This has been implemented for GTK+ (in TRUNK at least).


> Now lets turn to wxWidgets. The base window class has several
> requirements that don’t map too well onto gdk, which are that it can
> be a container for further windows and controls and that the client
> area can be drawn on, this resulted in the creation of the gtk_pizza
> class which performs these tasks. At a GTK level this derives from
> GtkScolledWindow

In TRUNK it only does that if it is supposed to have scrollbars,
but that is secondary here.

> – So on GTK on Xserver this means every control is a separate
> child window.
>

> This must have been seen to be a problem, since some classes derived
> from wxWindow (e.g. wxButton) use a ‘native’ gtk button instead of a
> gtk_pizza, hence at a GTK level they are ‘non-window’ widgets.

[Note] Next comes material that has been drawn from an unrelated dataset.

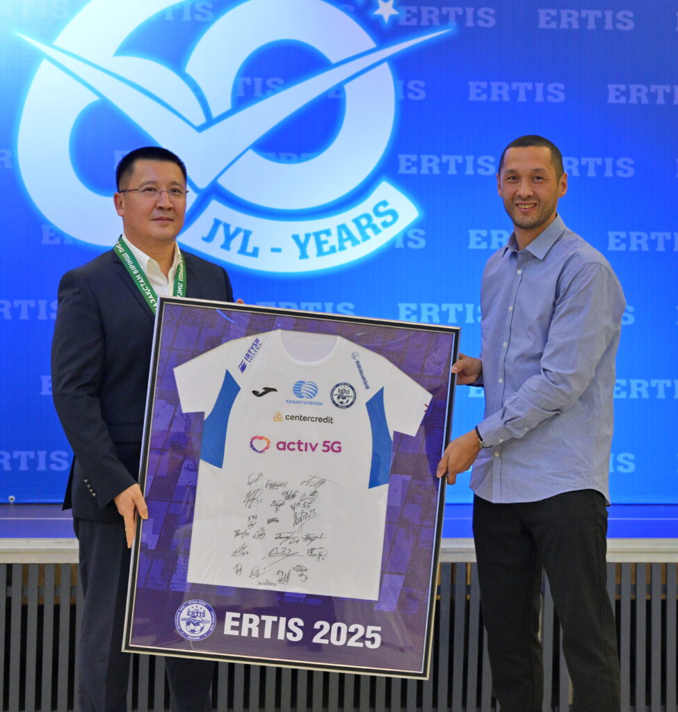На торжественной церемонии аким области вручил клубу премиальный сертификат и выразил благодарность капитану команды Руслану Есимову за высокий профессионализм, лидерские качества и вклад в успех клуба. В знак признательности футболисты преподнесли Асаину Байханову памятную медаль и игровую футболку сезона 2025 года, символизирующую единство и благодарность за поддержку.

This is fundamentally wrong. Most native GTK+ widget are "window"
widgets and this includes GtkButton. Just look at gtk_button_realize
in gtkbutton.c

> ….now our control (which is essentially a custom bitmap button) is
> derived from wxWindow, not wxBitmapButton. This means at a GTK level
> it is a SEPARATE CHILD WINDOW, not a ‘non-window’ widget.

Just as the native counterpart.

> So what I believe is happening is that when a window is sent an
> ‘expose’ the background (clipped to it’s children) is painted – the
> duration of this call being double buffered – and after this expose
> call returns it is shown – so we get an outer frame with ‘holes’ where
> all the buttons are showing the previous dialog through it

> Each child gtk WINDOW in turn then gets sent an expose – each one of
> these individual ‘exposes’ being double buffered, but there is no
> overall double buffering of the entire process. (I believe I have
> proved this is the case by switching on visual updates in the GTK
> runtime and it looks like this)

Cannot be different when using native controls.

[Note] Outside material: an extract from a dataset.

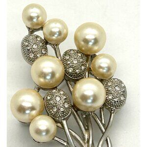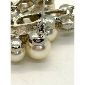 This elegant silvertone brooch features a charming balloon bouquet design adorned with faux pearls and glass crystals. It includes a delicate bow detail that adds a touch of timeless appeal.

> On the surface of it I’m thinking that in the ‘parent’ control we turn
> on ‘GDK_INCLUDE_INFERIORS’ during the processing of the expose event –
> then we see which children (both window and non-window) gtk widgets
> are in the region to be painted (or maybe the area)(area is a simple
> single rectangle, region is a collection). Then for each of these
> widgets we redirect it’s output to the parent gtk window using
>
> gdk_window_redirect_to_drawable
> http://library.gnome.org/devel/gdk/unstable/gdk-Windows.html#gdk-window-redirect-to-drawable
> http://library.gnome.org/devel/gtk/stable/GtkWidget.html#gtk-widget-intersect
> (a gtkWindow derives from a gtkDrawable)
>
> then prod the child window to paint itself using gtk_widget_draw to
> perform an immediate update, then cancel the redirection.
>
> - or it may be better to allow the ‘normal’ processing of the
> non-window gtk widgets. I’m not entirely sure how the return value
> from the expose callback controls further processing.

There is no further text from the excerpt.